The B.C. Liberal Leader would be back in her suit and heels in time for her first campaign appearance two hours later, but at this early hour, she was slipping in some training before the Vancouver Sun Run on Sunday.

The run will give her a short break from the gruelling pace of a 28-day election campaign, although for Ms. Clark, even this has a strategic goal.

Ms. Clark said she started running more than 10 years ago, but "got out of the habit" during the past two years, since she took over as Liberal Leader.

Last October, she decided to make exercise a priority. "I wasn't healthy, and I knew I am going to be in the fight of my life in this campaign," she said in an interview. "Everybody is counting on me to give it 100 per cent, and I had to be in the best possible shape."

She says it is hard to squeeze in time, but aims to sets aside a minimum of half an hour each day for exercise, six days a week.
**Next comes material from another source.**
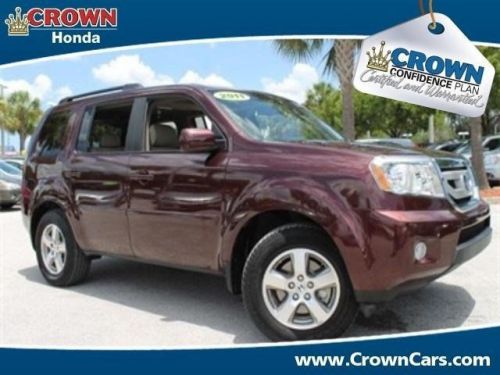 **CROWN CONFIDENCE PLAN USED CAR GUARANTEE Certified. Superb visibility to see and be seen. Clear visibility gives the go-ahead. CROWN CONFIDENCE PLAN CERTIFIED GUARANTEE includes our exclusive 101 point safety inspection, Carfax vehicle history report, 100,000 mile powertrain warranty for as long as you own your car, and our exclusive peace of mind 7 day or 500 mile exchange policy. Our "no hassle, no games" pricing policy means that you receive the lowest internet "live market price" on every vehicle, every day, only at Crown Honda. Who could say no to a simply great SUV like this outstanding-looking 2011 Honda Pilot? New Car Test Drive said, "...plenty of cargo and people versatility in an efficient package, with towing capacity for light loads and the available confidence of all-wheel drive..." Consumer Guide Midsize SUV Best Buy. It is nicely equipped with features such as **CROWN CONFIDENCE PLAN USED CAR GUARANTEE Certified, 3rd row seats: split-bench, 4.312 Axle Ratio, 4-Wheel Disc Brakes, 7 Speakers, ABS brakes, Air Conditioning, AM/FM radio, AM/FM/6-Disc In-Dash Audio System, Anti-whiplash front head restraints, Auto-dimming Rear-View mirror, Automatic temperature control, Bodyside moldings, Brake assist, Bumpers: body-color, CD player, Delay-off headlights, Driver door bin, Driver vanity mirror, Dual front impact airbags, Dual front side impact airbags, Electronic Stability Control, Four wheel independent suspension, Front anti-roll bar, Front Bucket Seats, Front Center Armrest, Front dual zone A/C, Front fog lights, Front reading lights, Fully automatic headlights, Garage door transmitter: HomeLink, Heated Front Bucket Seats, Heated front seats, Illuminated entry, Leather Shift Knob, Leather-Trimmed Seat Trim, Low tire pressure warning, MP3 decoder, Occupant sensing airbag, Outside temperature display, Overhead airbag, Overhead console, Panic alarm, Passenger door bin, Passenger vanity mirror, Power door mirrors, Power driver seat, Power moonroof, Power passenger seat, Power steering, Power windows, Radio data system, Rear air conditioning, Rear anti-roll bar, Rear reading lights, Rear seat center armrest, Rear window defroster, Rear window wiper, Remote keyless entry, Roof rack: rails only, Security system, Speed control, Speed-sensing steering, Speed-Sensitive Wipers, Split folding rear seat, Steering wheel mounted audio controls, Tachometer, Telescoping steering wheel, Tilt steering wheel, Traction control, Trip computer, Variably intermittent wipers, and XM Radio. The low-mile freshness of this wonderful Pilot will make it a favorite among our more educated buyers. All prices plus sales tax, tag and titling, and dealer service fee of $697.00, which represents cost and profits to the selling dealer for items such as cleaning, inspecting, adjusting new vehicles and preparing documents related to the sale. A Better Way To Buy. What's the difference between a used vehicle from some other dealer and a pre-owned vehicle from Crown Automotive? It's simple; one of them is a better value because one comes backed by the Crown Used Car Confidence Plan! You'll get a CarFax report, guaranteed clean title, Powertrain warranty for as long as you own your vehicle (or 100,00 miles), and a 7 day/500 mile no hassle exchange policy!

It gives her more energy for the rest of the work day.

But the distance of the Sun Run will be a stretch – she doesn't often run 10k.

"I'm not 29 years old any more." She listens to playlists on her iPod that her 11-year-old son puts together with her, so the music can range from BTO songs to pre-teen pop, including One Direction.

"I get to listen to music I haven't heard before; he gets to introduce things to me."

Registration for the 10k run has surged since the deadly Boston marathon bombing, although Ms. Clark signed up weeks earlier. She said Sunday's run is an opportunity to honour the victims and stand up against such acts of violence.

"It's so sad that people would decide to try to diminish an event that so many people take such pride and pleasure in. It's important that we stand up, as a community, and make the point that is just not acceptable in any society," she said.